━━ EXCERPTED RECORDS

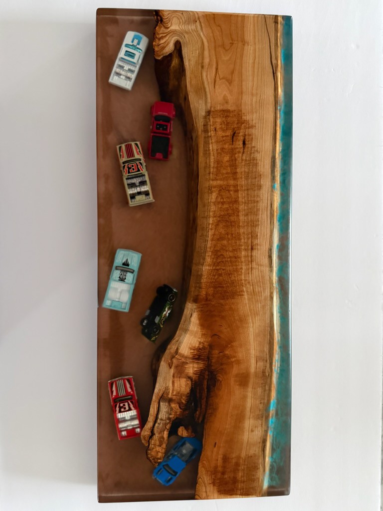 / George McCart – Serving Tray #6 – Maple with Cars in Epoxy – 9.5 x 24
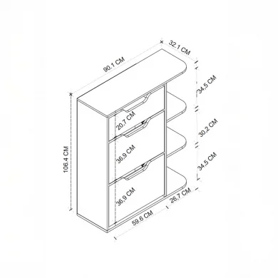 | Dimensioni totali | L.90,1 × H.106,4 × P.32,1 cm |
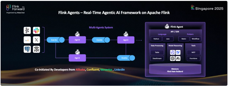 为此,Apache Flink 社区正式发起全新的子项目 Flink Agents。Flink Agents 是专为事件驱动型的 AI 智能体(System-Triggered Agent)打造的 Agent 编程框架。依托于 Flink 流式引擎内核,Flink Agents 天然具备大规模、分布式、实时数据处理能力,以及成熟的状态管理、一致性保障与容错恢复能力,在此基础上,Flink Agents 提供了开发 Agentic AI 系统所必需的 LLM、Memory、Tool、Prompt 等关键概念的封装,以及动态执行计划、循环执行、共享状态、可观测性等能力。目前,Flink Agents 项目正由阿里云、Confluent、Ververica、LinkedIn 等团队联合贡献,将于今年 9 月左右发布首个 MVP 版本。
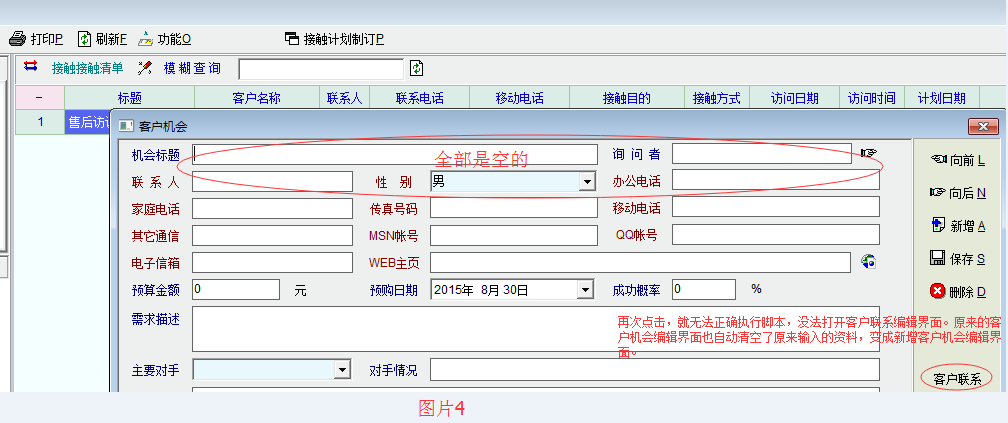 第一次点击自己创建的按钮(客户联系),可以正确执行脚本,传递参数到新窗口。然后,如果再次点击按钮(客户联系),则有两个不正常现象:1、没法重复、正确执行脚本,如图片3所示,没法再次打开客户联系编辑界面并传递参数;2、如图片4所示,原来的客户机会中所有输入的资料全部不见了,就像新增了一条客户机会记录一样。
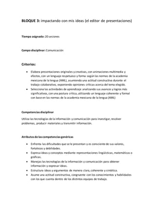 Este documento presenta el bloque 3 de un curso de Informática I sobre el uso del editor de presentaciones. El bloque se enfoca en enseñar a los estudiantes a crear presentaciones originales, creativas y con efectos multimedia, respetando las normas del lenguaje. Los estudiantes aprenderán a analizar y seleccionar actividades de aprendizaje para mejorar sus habilidades con un enfoque crítico y formal. El objetivo es que utilicen las tecnologías para investigar, resolver problemas y transmitir información de manera efectiva.
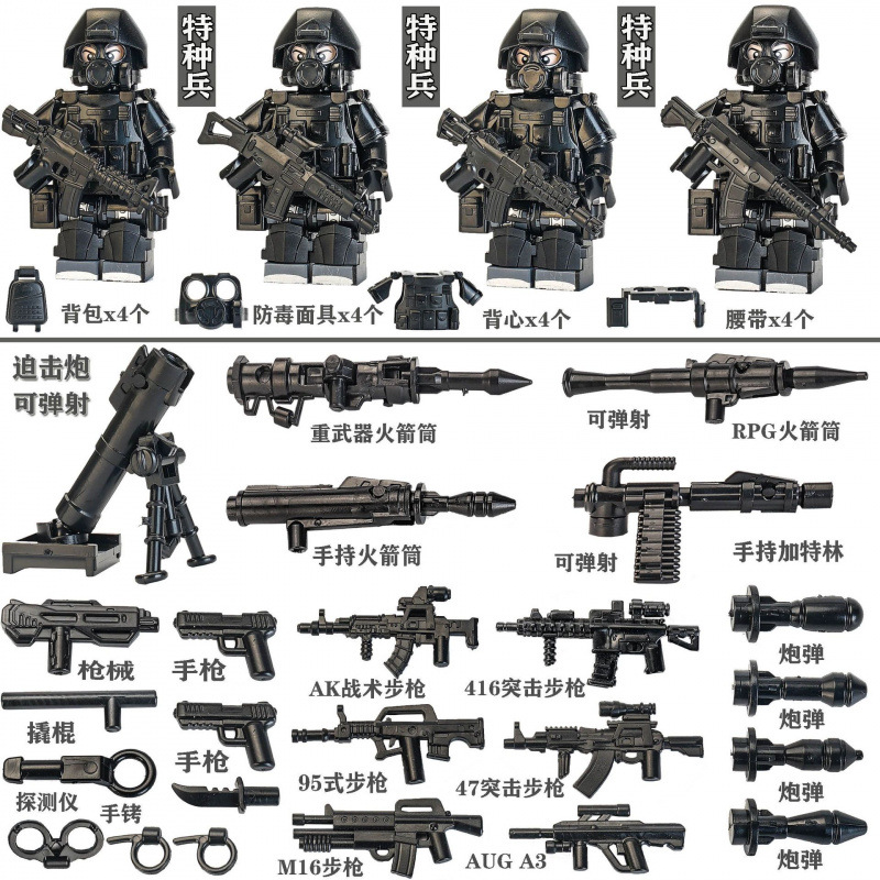 레고 군용 빌딩 블록 특수 부대 경찰 미니피규어 박격포 총기구 조립 장난감과 호환 가능스토어 가기
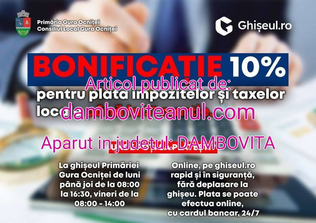 Primăria comunei Gura Ocniței reamintește contribuabililor că plata integrală a impozitelor și taxelor locale aduce, și în acest an, o bonificație de 10%. Anunțul a fost făcut de primarul Liviu Vasilescu, care îi încurajează pe cetățeni să își achite din timp obligațiile fiscale.Plata poate fi efectuată direct la sediul Primăriei Gura Ocniței, la Compartimentul Taxe și Impozite, de luni până joi, între orele 08.00 și 16.30, respectiv vineri, între 08.00 și 14.00. Pentru a facilita accesul cetățenilor din satele aparținătoare, încasările se fac și în teritoriu, în fiecare zi de marți, între orele 09.00 și 13.00, la Căminul Cultural din Adânca, și în fiecare miercuri, în același interval orar, la Biblioteca din Săcueni.
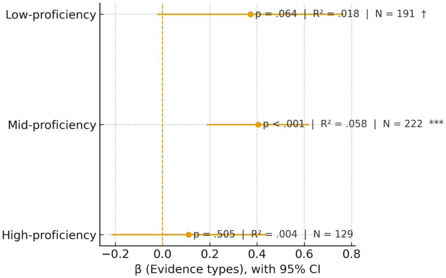 Figure 3 shows the regression coefficients (β) of writing score on evidence types (EviT) for each proficiency group, with 95% confidence intervals. The vertical dashed line at zero marks β = 0 (no effect), and annotations report the p values, R2, and sample sizes. Significance codes: † p < 0.10, * p < 0.05, ** p < 0.01, *** p < 0.001.
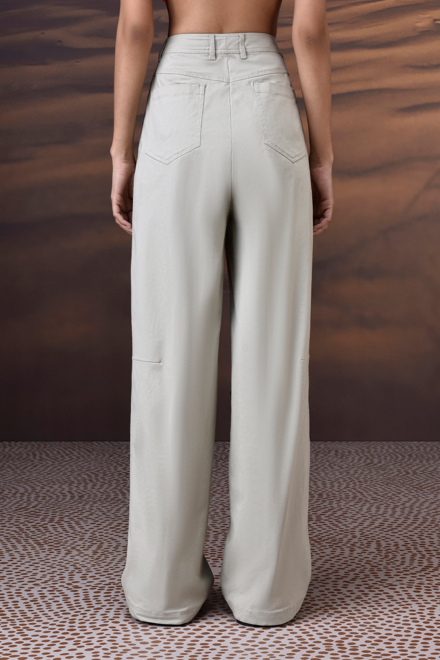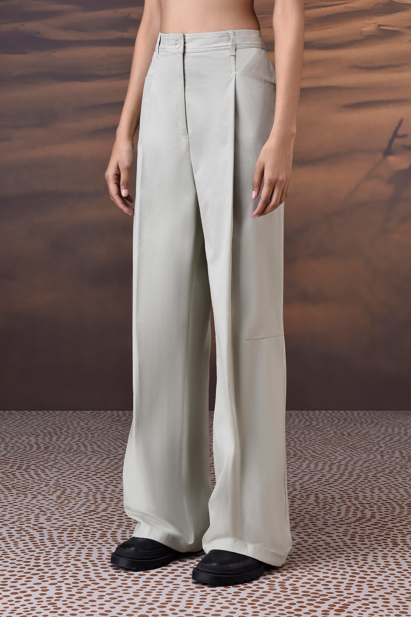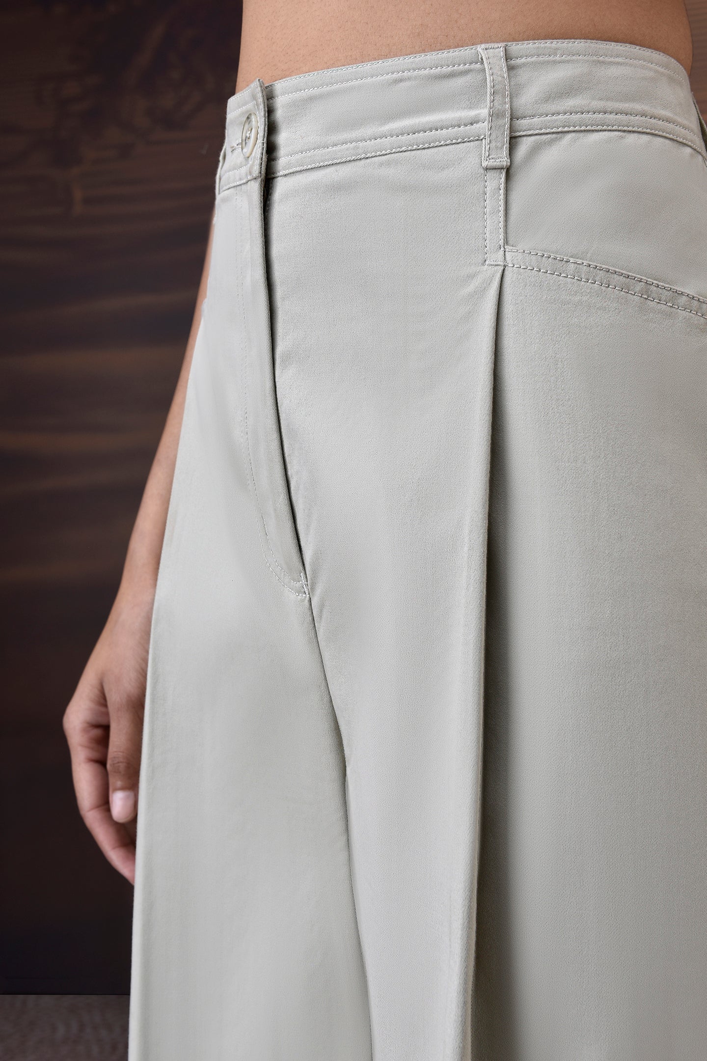 Soft Fern Green Cotton Twill Wide-Leg Trousers

━━━━

◆ **PROBLEM TO WORK ON**:
Look above for the line with "Este documento presenta" and the line with "Primăria comunei Gura"; set down those two lines and all lines between them exactly, without pictures and without anything else.

◆ **RESPONSE BOX**:
 Este documento presenta el bloque 3 de un curso de Informática I sobre el uso del editor de presentaciones. El bloque se enfoca en enseñar a los estudiantes a crear presentaciones originales, creativas y con efectos multimedia, respetando las normas del lenguaje. Los estudiantes aprenderán a analizar y seleccionar actividades de aprendizaje para mejorar sus habilidades con un enfoque crítico y formal. El objetivo es que utilicen las tecnologías para investigar, resolver problemas y transmitir información de manera efectiva.
 레고 군용 빌딩 블록 특수 부대 경찰 미니피규어 박격포 총기구 조립 장난감과 호환 가능스토어 가기
 Primăria comunei Gura Ocniței reamintește contribuabililor că plata integrală a impozitelor și taxelor locale aduce, și în acest an, o bonificație de 10%. Anunțul a fost făcut de primarul Liviu Vasilescu, care îi încurajează pe cetățeni să își achite din timp obligațiile fiscale.Plata poate fi efectuată direct la sediul Primăriei Gura Ocniței, la Compartimentul Taxe și Impozite, de luni până joi, între orele 08.00 și 16.30, respectiv vineri, între 08.00 și 14.00. Pentru a facilita accesul cetățenilor din satele aparținătoare, încasările se fac și în teritoriu, în fiecare zi de marți, între orele 09.00 și 13.00, la Căminul Cultural din Adânca, și în fiecare miercuri, în același interval orar, la Biblioteca din Săcueni.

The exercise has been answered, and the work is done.